BEGIN Data for review
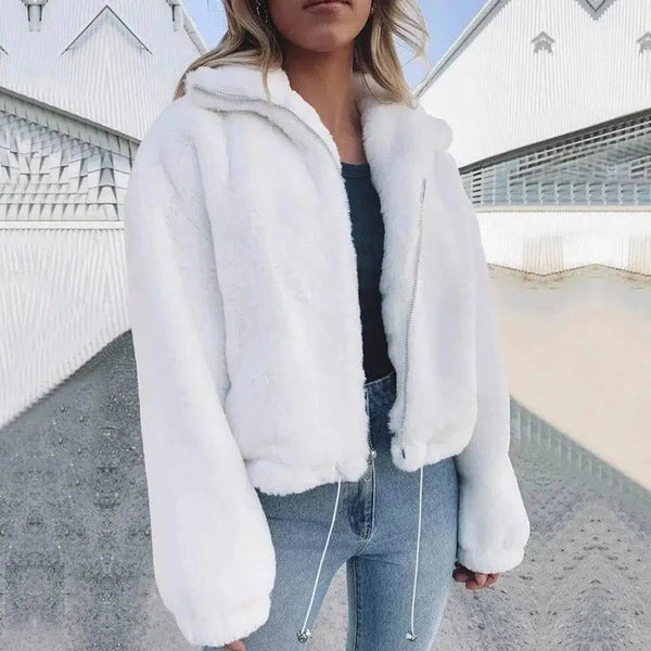 Casaco de pele de coelho de imitação de cor sólida para mulheres
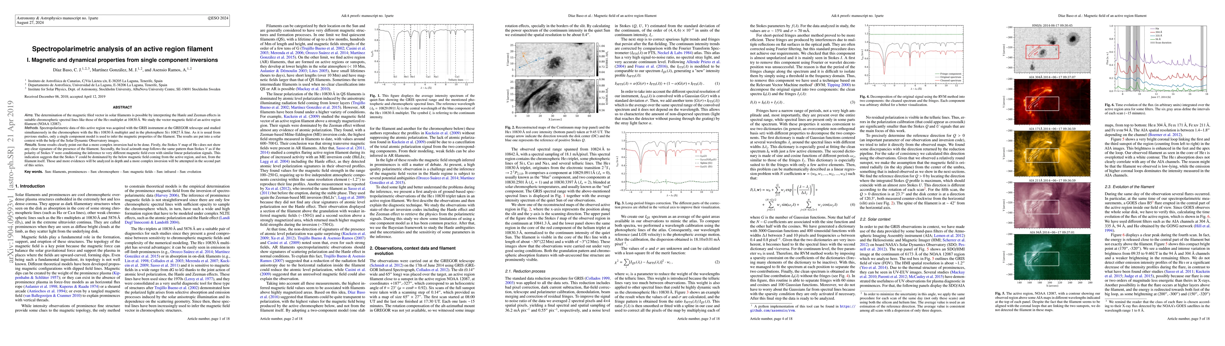 The determination of the magnetic filed vector in solar filaments is possible by interpreting the Hanle and Zeeman effects in suitable chromospheric spectral lines like those of the He I multiplet at 10830 A. We study the vector magnetic field of an active region filament (NOAA 12087). Spectropolarimetric data of this active region was acquired with the GRIS instrument at the GREGOR telescope and studied simultaneously in the chromosphere with the He I 10830 A multiplet and in the photosphere with the Si I 10827 A line. As it is usual from previous studies, only a single component model is used to infer the magnetic properties of the filament. The results are put into a solar context with the help of the Solar Dynamic Observatory images. Some results clearly point out that a more complex inversion had to be done. Firstly, the Stokes $V$ map of He I does not show any clear signature of the presence of the filament. Secondly, the local azimuth map follows the same pattern than Stokes $V$ as if the polarity of Stokes $V$ were conditioning the inference to very different magnetic field even with similar linear polarization signals. This indication suggests that the Stokes $V$ could be dominated by the below magnetic field coming from the active region, and not, from the filament itself. Those and more evidences will be analyzed in depth and a more complex inversion will be attempted in the second part of this series.
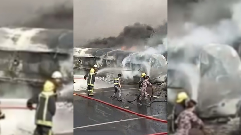 وقال الناطق الرسمي إنّ الطواقم المتخصصة العاملة في مديرية دفاع مدني الطريق الصحراوي والشرطة، وبإسناد من مديريتي دفاع مدني الكرك ومأدبا ومجموعة إسناد الجنوب، تعاملت مع الحادث، مبينا أنه نتج عنه اشتعال الصهريج والشاحنات.
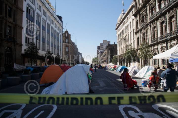 CIUDAD DE MÉXICO, 16FEBRERO2021.- Los plantones por distintos grupos de protestantes habitan en el primer cuadrante del Centro Histórico. Comenzó con el grupo FRENA que ocupaba toda la plancha del Zócalo Capitalino; a mediados de diciembre se disperso y sólo quedó el Campamento México quienes están en contra de Andrés Manuel López Obrador, presidente de México. La calle 20 de noviembre es ocupada por la toma de artesanos Triki Oaxaqueños quienes exigen el permiso para poder ambulantear en el Centro Histórico. Con un mes se encuentra la toma frente Bellas Artes a la altura de Eje Central representantes de desplazados de Tierra Blanca buscan una mesa de diálogo con Alejandro Encinas para darle libertad a los presos políticos y el regreso de sus tierras. Por último con un par de días el Frente popular revolucionario comunista se mantiene frente a Palacio Nacional exigen hablar con el Presidente de la República sobre el desplazó de tierras, desempleo, entre otras peticiones. FOTO: ANDREA MURCIA /CUARTOSCURO.COM
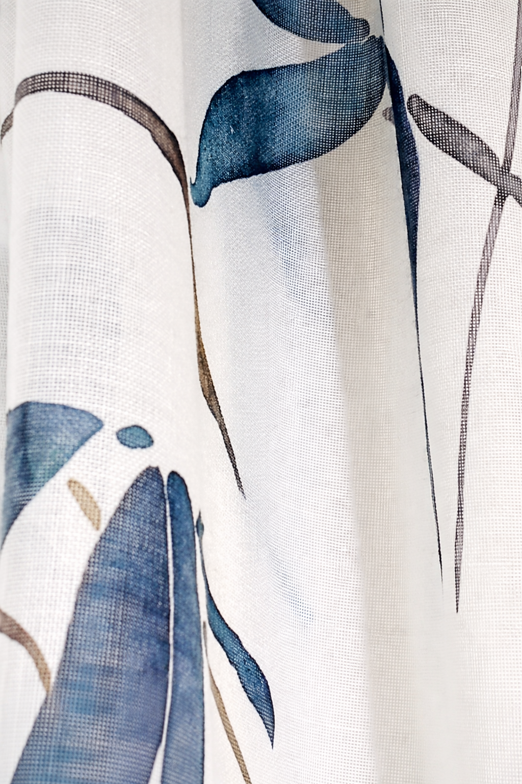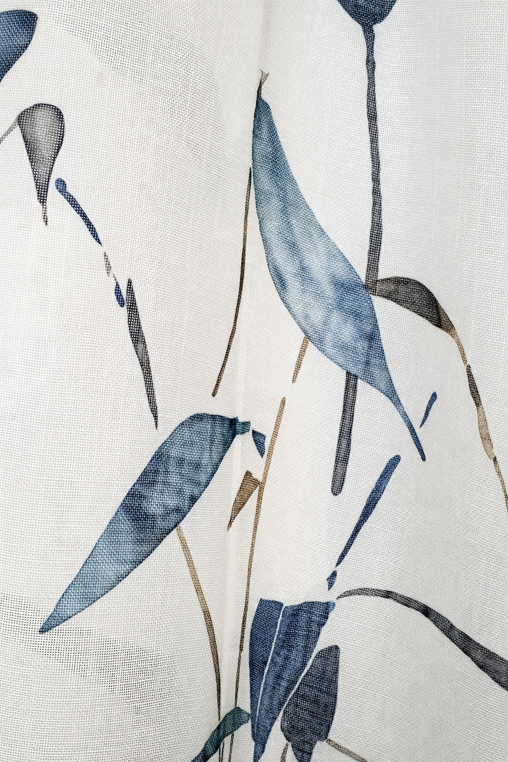 Tela de visillo a metros modelo Bambú con un estampado en tonos tostados, azules y natural. Tela de poliéster y lino con una caída y un tacto exquisito con una altura de 300cm. Es una tela de visillo translúcida con buena caída para confección de cortinas. No encoje y puedes lavarla a máquina a 30º con un centrifugado suave. La tela ya viene acabada en uno de los orillos del ancho con un cordón de plomo, que sirve de peso, listo para utilizar como final del bajo de tus visillos. para decoraciones de Hogar.
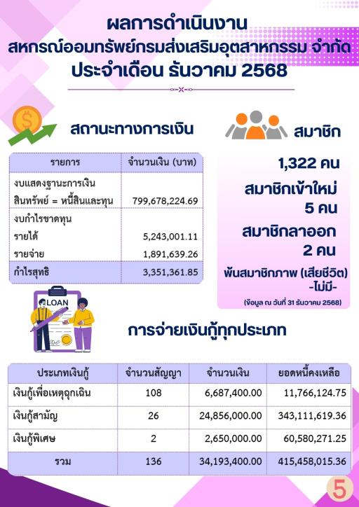 ผลการดำเนินงานประจำเดือน ธันวาคม 2568
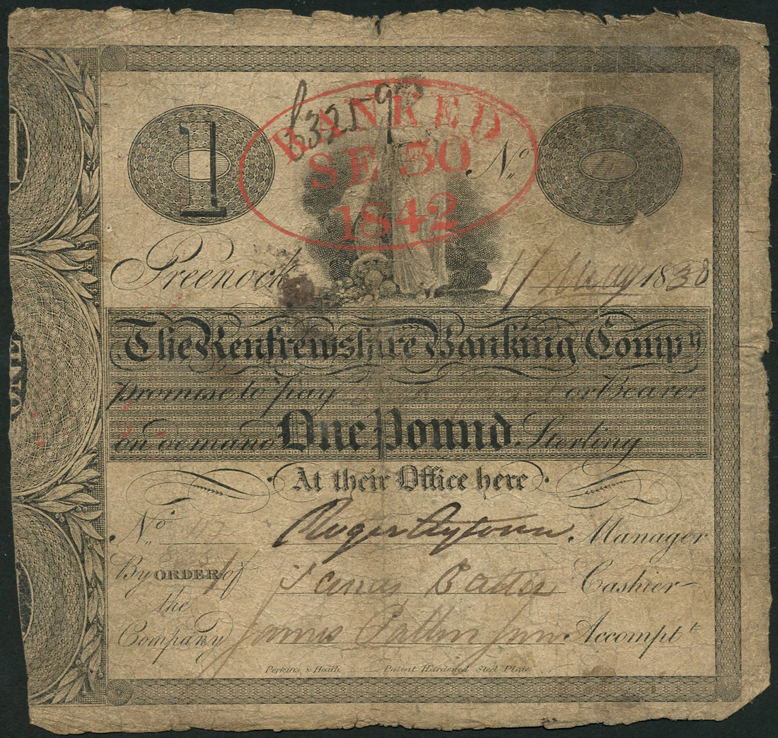 Renfrewshire Banking Company, £5 (2) Greenock, 1833 serial number 41/828, 18(29?) serial number 3/1308 £1, 1938, serial number 117/828, black and white, arms and maidens respectively top centre, three manuscript signatures below, red oval RANKED handstamp in top centre field
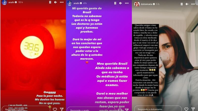 No obstante, ella no ha sido la única enferma, pues Dulce María también manifestó tener algunos síntomas de un virus.
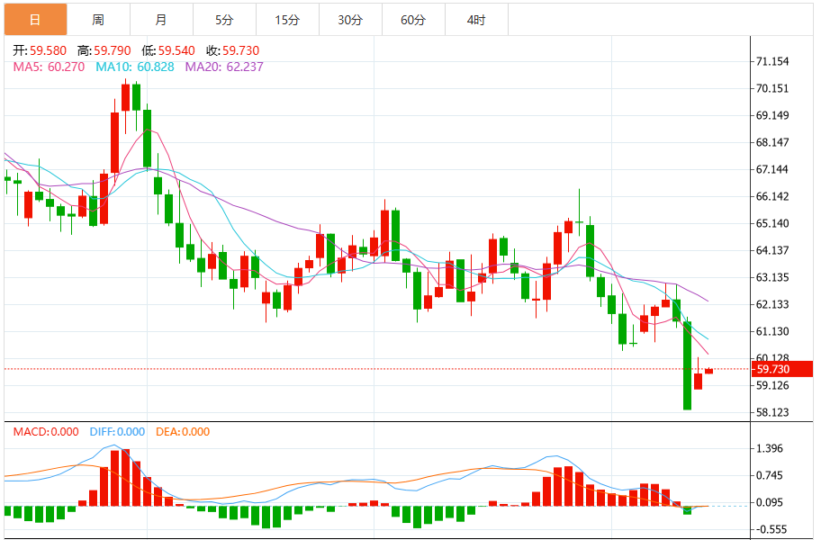 从日线图来看,WTI原油价格仍处于下降通道运行,5日与20日均线呈空头排列,MACD快线跌破零轴后继续下行,表明市场动能偏弱。
END Data for review
Work order:
The entries above are to be restated verbatim, with no pictures carried over.

Answer section:
 Casaco de pele de coelho de imitação de cor sólida para mulheres
 The determination of the magnetic filed vector in solar filaments is possible by interpreting the Hanle and Zeeman effects in suitable chromospheric spectral lines like those of the He I multiplet at 10830 A. We study the vector magnetic field of an active region filament (NOAA 12087). Spectropolarimetric data of this active region was acquired with the GRIS instrument at the GREGOR telescope and studied simultaneously in the chromosphere with the He I 10830 A multiplet and in the photosphere with the Si I 10827 A line. As it is usual from previous studies, only a single component model is used to infer the magnetic properties of the filament. The results are put into a solar context with the help of the Solar Dynamic Observatory images. Some results clearly point out that a more complex inversion had to be done. Firstly, the Stokes $V$ map of He I does not show any clear signature of the presence of the filament. Secondly, the local azimuth map follows the same pattern than Stokes $V$ as if the polarity of Stokes $V$ were conditioning the inference to very different magnetic field even with similar linear polarization signals. This indication suggests that the Stokes $V$ could be dominated by the below magnetic field coming from the active region, and not, from the filament itself. Those and more evidences will be analyzed in depth and a more complex inversion will be attempted in the second part of this series.
 وقال الناطق الرسمي إنّ الطواقم المتخصصة العاملة في مديرية دفاع مدني الطريق الصحراوي والشرطة، وبإسناد من مديريتي دفاع مدني الكرك ومأدبا ومجموعة إسناد الجنوب، تعاملت مع الحادث، مبينا أنه نتج عنه اشتعال الصهريج والشاحنات.
 CIUDAD DE MÉXICO, 16FEBRERO2021.- Los plantones por distintos grupos de protestantes habitan en el primer cuadrante del Centro Histórico. Comenzó con el grupo FRENA que ocupaba toda la plancha del Zócalo Capitalino; a mediados de diciembre se disperso y sólo quedó el Campamento México quienes están en contra de Andrés Manuel López Obrador, presidente de México. La calle 20 de noviembre es ocupada por la toma de artesanos Triki Oaxaqueños quienes exigen el permiso para poder ambulantear en el Centro Histórico. Con un mes se encuentra la toma frente Bellas Artes a la altura de Eje Central representantes de desplazados de Tierra Blanca buscan una mesa de diálogo con Alejandro Encinas para darle libertad a los presos políticos y el regreso de sus tierras. Por último con un par de días el Frente popular revolucionario comunista se mantiene frente a Palacio Nacional exigen hablar con el Presidente de la República sobre el desplazó de tierras, desempleo, entre otras peticiones. FOTO: ANDREA MURCIA /CUARTOSCURO.COM
 Tela de visillo a metros modelo Bambú con un estampado en tonos tostados, azules y natural. Tela de poliéster y lino con una caída y un tacto exquisito con una altura de 300cm. Es una tela de visillo translúcida con buena caída para confección de cortinas. No encoje y puedes lavarla a máquina a 30º con un centrifugado suave. La tela ya viene acabada en uno de los orillos del ancho con un cordón de plomo, que sirve de peso, listo para utilizar como final del bajo de tus visillos. para decoraciones de Hogar.
 ผลการดำเนินงานประจำเดือน ธันวาคม 2568
 Renfrewshire Banking Company, £5 (2) Greenock, 1833 serial number 41/828, 18(29?) serial number 3/1308 £1, 1938, serial number 117/828, black and white, arms and maidens respectively top centre, three manuscript signatures below, red oval RANKED handstamp in top centre field
 No obstante, ella no ha sido la única enferma, pues Dulce María también manifestó tener algunos síntomas de un virus.
 从日线图来看,WTI原油价格仍处于下降通道运行,5日与20日均线呈空头排列,MACD快线跌破零轴后继续下行,表明市场动能偏弱。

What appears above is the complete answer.